-他的聲音格外清冷,如同寒冬的冰水,讓人感到不寒而栗。
張淮安聞言,登時感覺到一股宗師威壓逼迫而來。
那便是秦風的武道威壓,威壓震懾之下,令得張淮安心神一亂,體內奇經八脈的武道真氣倒行逆施,絮亂之下震傷了五臟六腑,登時忍不住地咳出一口鮮血,濺在身前的紅色地毯之上。
雖說這滿是喜慶之意的紅色地毯格外亮眼,但這一口淤血吐在其上,到底是讓人見了就感到無比的詭譎陰森恐怖。
秦風打量了一眼張淮安,冷聲道:“你不是我的對手,我勸你退下。
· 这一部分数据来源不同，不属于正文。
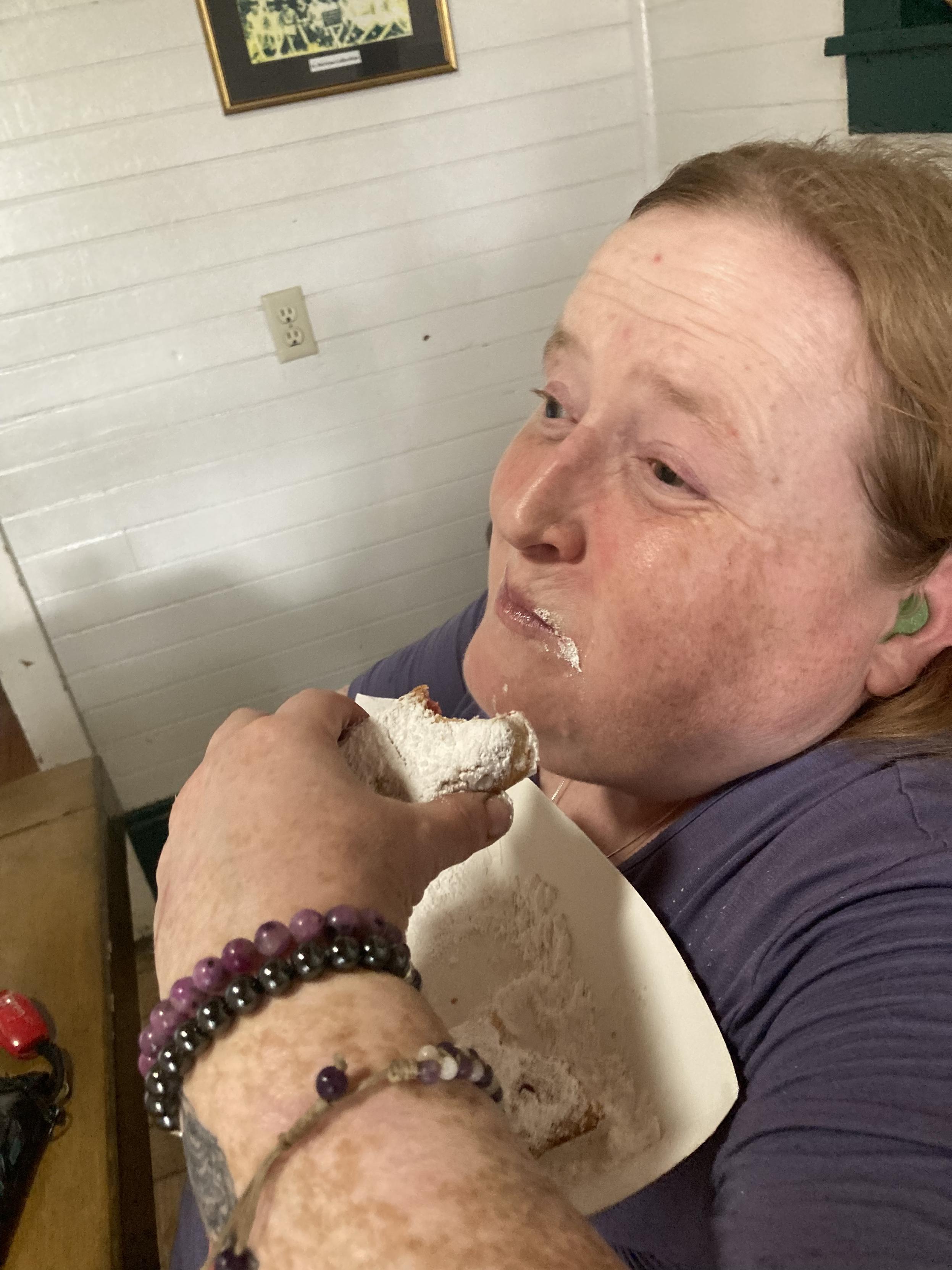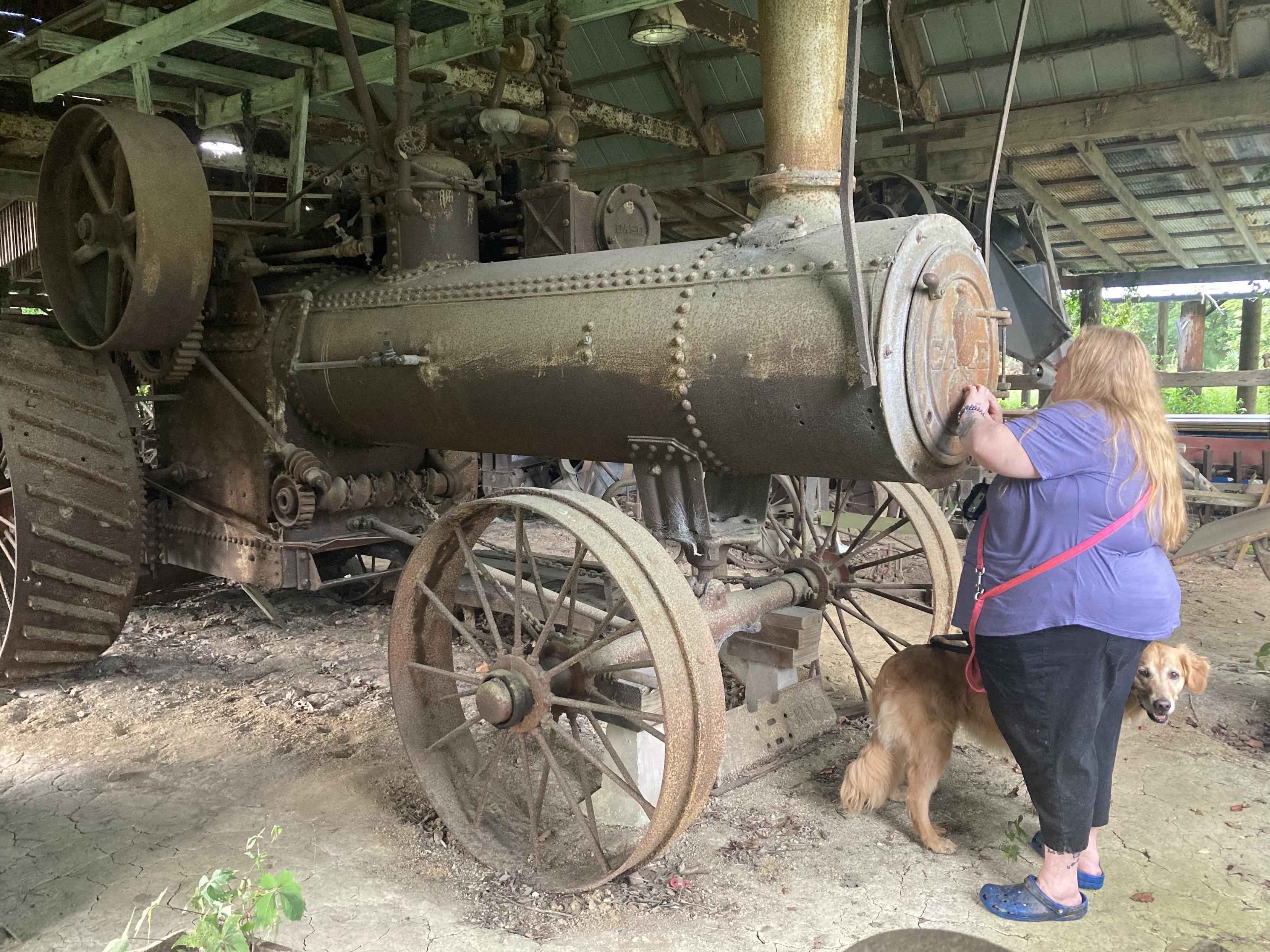 The Deafblind adventure continues! It started raining and the walkways at this place are all slippery wood. With the occasional Cyprus root sticking out for fun and novelty! Phoenix is earning her bones! The air is basically water! My crocs and feet are covered with mud, and my clothes are stuck to my sweaty skin. But I had so much fun climbing around and feeling old tools! Plus the food! And now that I've filled my water bottle with delicious, fresh made iced tea, we're heading back to NOLA!
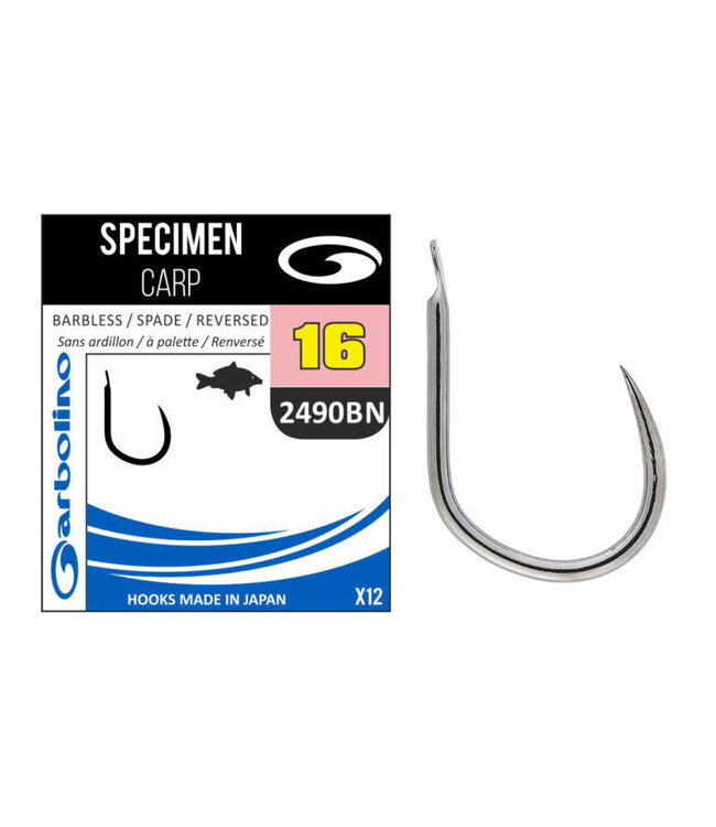 De Garbolino Specimen Carp 2490BN Reversed Barbless - Spade is een hoogwaardige en ultra sterke weerhaakloze haak die speciaal ontworpen is voor het vangen van grote karpers en specimenvis op uitdagende wateren zoals Socourt-parcoursen.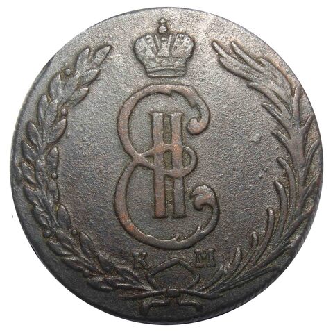 На аверсе монеты изображён упрощённый вензель Екатерины II, составленный из буквы "Е" (Екатерина) и римской цифры "II". Наверху императорская корона. Под вензелем буквы "К М" (колыванская медь). Изображения окружают две ветви, связанные внизу бантом.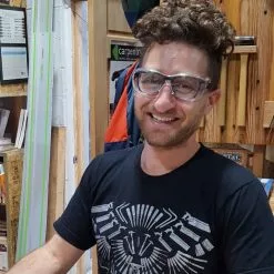 - Mayan glasses with adjustable temples have a nice, comfortable fit and are probably the most chic of the protective glasses. Protect your eyes with style. Black frame (with a sleek, modified widow’s peak shape) and frame, clear lens. Integrated nose piece.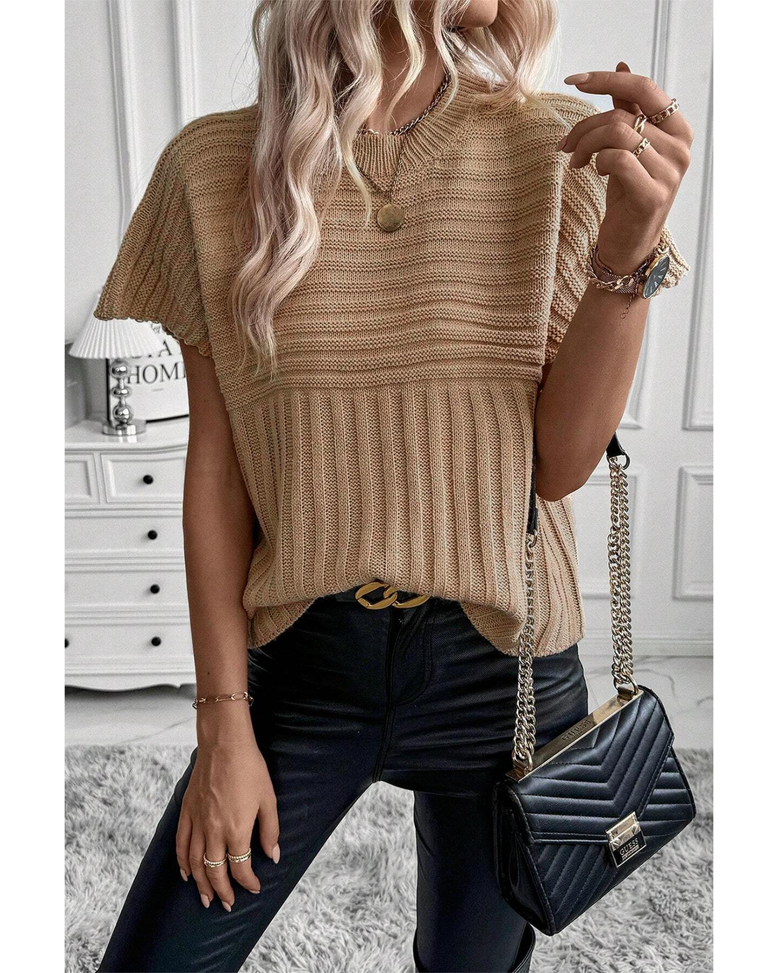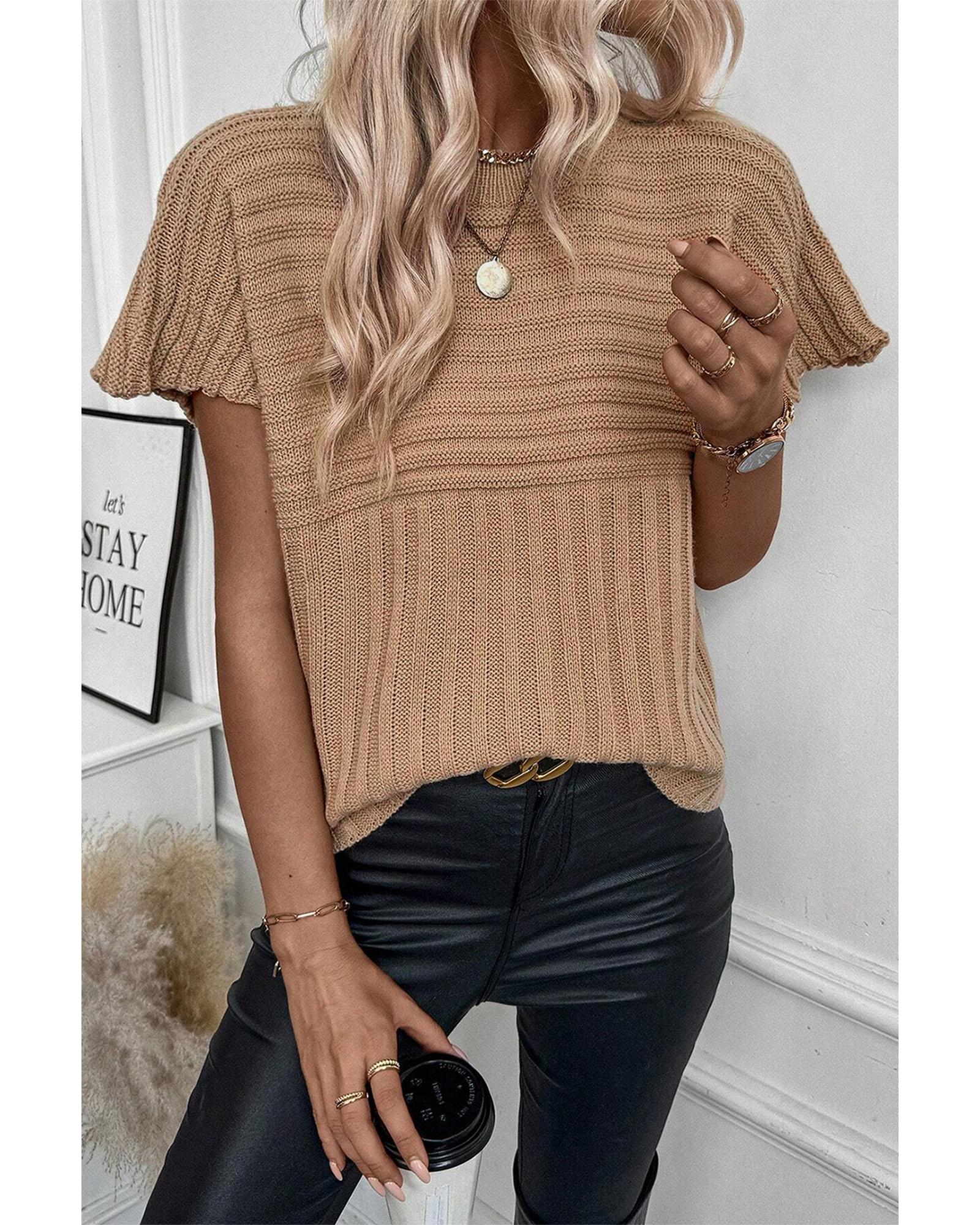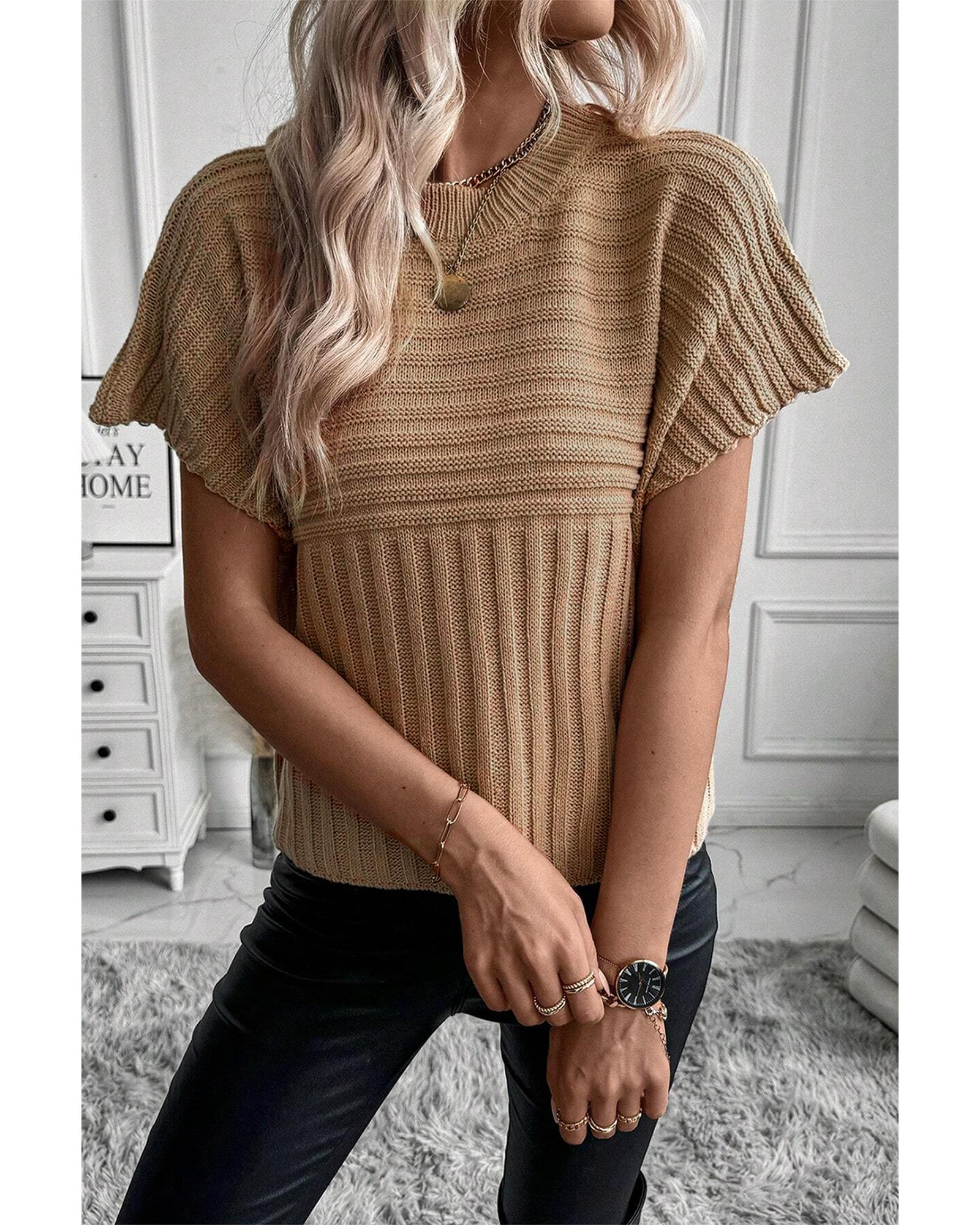 Light French Beige Rib Knitted Wide Sleeve Sweater T Shirt – L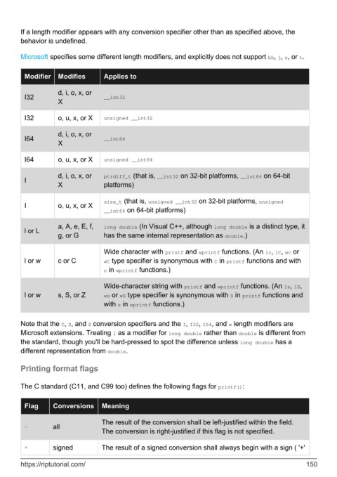If a length modifier appears with any conversion specifier other than as specified above, the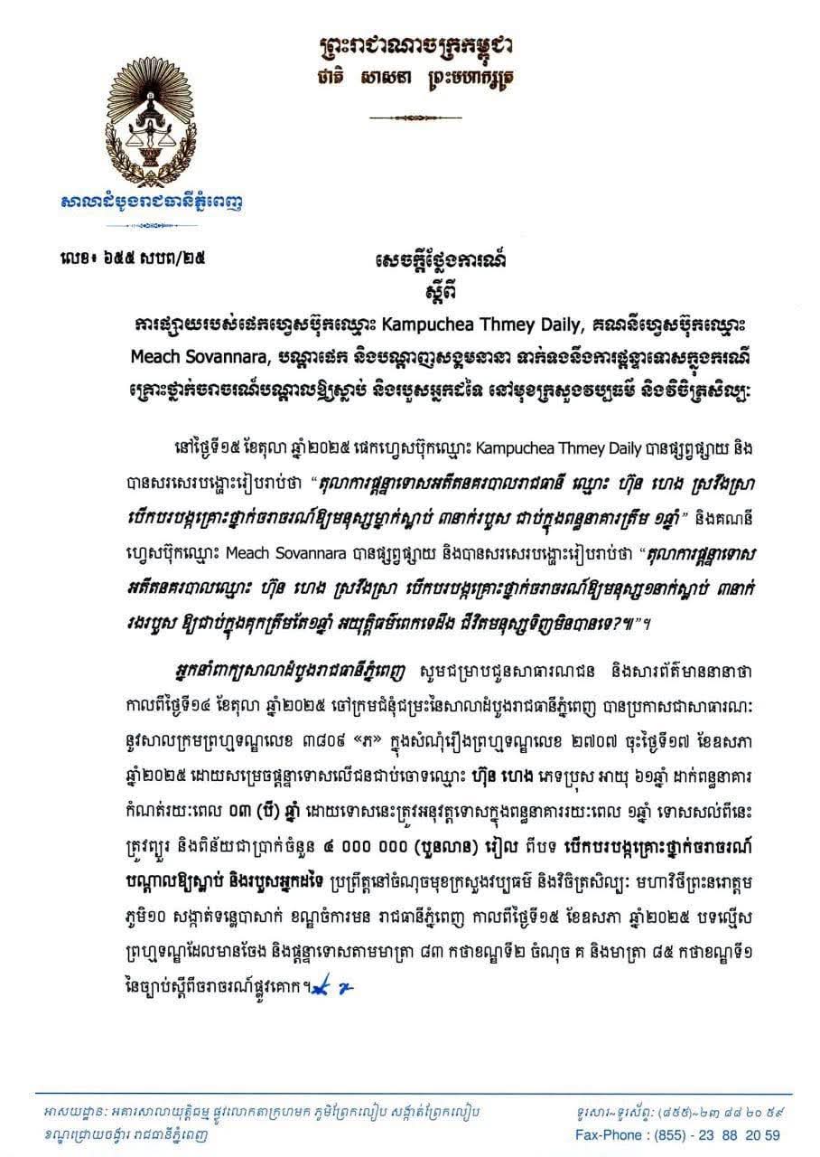 អ្នកនាំពាក្យសាលាដំបូងរាជធានីភ្នំពេញ បានគូសបញ្ជាក់ថា កាលពីថ្ងៃទី១៤ ខែតុលា ឆ្នាំ២០២៥ ចៅក្រមជំនុំជម្រះនៃសាលាដំបូងរាជធានីភ្នំពេញ បានប្រកាសជាសាធារណៈ នូវសាលក្រមព្រហ្មទណ្ឌលេខ ៣៨០៩ «ភ» ក្នុងសំណុំរឿងព្រហ្មទណ្ឌលេខ ២៧០៧ ចុះថ្ងៃទី១៧ ខែឧសភា ឆ្នាំ២០២៥ ដោយសម្រេចផ្តន្ទាទោសលើជនជាប់ចោទឈ្មោះ ហ៊ុន ហេង ភេទប្រុស អាយុ៦១ឆ្នាំ ដាក់ពន្ធនាគារ កំណត់រយៈពេល ០៣ (បី) ឆ្នាំ ដោយទោសនេះត្រូវអនុវត្តទោសក្នុងពន្ធនាគាររយៈពេល ១ឆ្នាំ ទោសសល់ពីនេះ ត្រូវព្យួរ និងពិន័យជាប្រាក់ចំនួន ៤ ០០០ ០០០ (បួនលាន) រៀល ពីបទ បើកបរបង្កគ្រោះថ្នាក់ចរាចរណ៍ បណ្តាលឱ្យស្លាប់ និងរបួសអ្នកដទៃ ប្រព្រឹត្តនៅចំណុចមុខក្រសួងវប្បធម៌ និងវិចិត្រសិល្បៈ មហាវិថីព្រះនរោត្តម ភូមិ១០ សង្កាត់ទន្លេបាសាក់ ខណ្ឌចំការមន រាជធានីភ្នំពេញ កាលពីថ្ងៃទី១៥ ខែឧសភា ឆ្នាំ២០២៥ បទល្មើស ព្រហ្មទណ្ឌដែលមានចែង និងផ្តន្ទាទោសតាមមាត្រា ៨៣ កថាខណ្ឌទី២ ចំណុច គ និងមាត្រា ៨៥ កថាខណ្ឌទី១ នៃច្បាប់ស្តីពីចរាចរណ៍ផ្លូវគោក។

”
“秦風,你休想!”
“忠一主,事一主!無二心!”
“今日我張淮安便是拚了這條性命,也絕不會讓你得逞!”
三息過後,張淮安總算是適應了下來,怒目圓睜,怒吼地道。
話音未落,他便拖著重傷的身軀,朝著秦風猛衝過來。
他的腳步踉蹌,每一步都帶著鑽心的疼痛。
體內奇經八脈中的武道真氣紊亂不堪,運轉起來如同刀割,可他還是拚儘全力,將僅剩的真氣儘數灌注於雙爪之上,鷹爪帶著淩厲卻微弱的勁風,直抓秦風的心口大穴。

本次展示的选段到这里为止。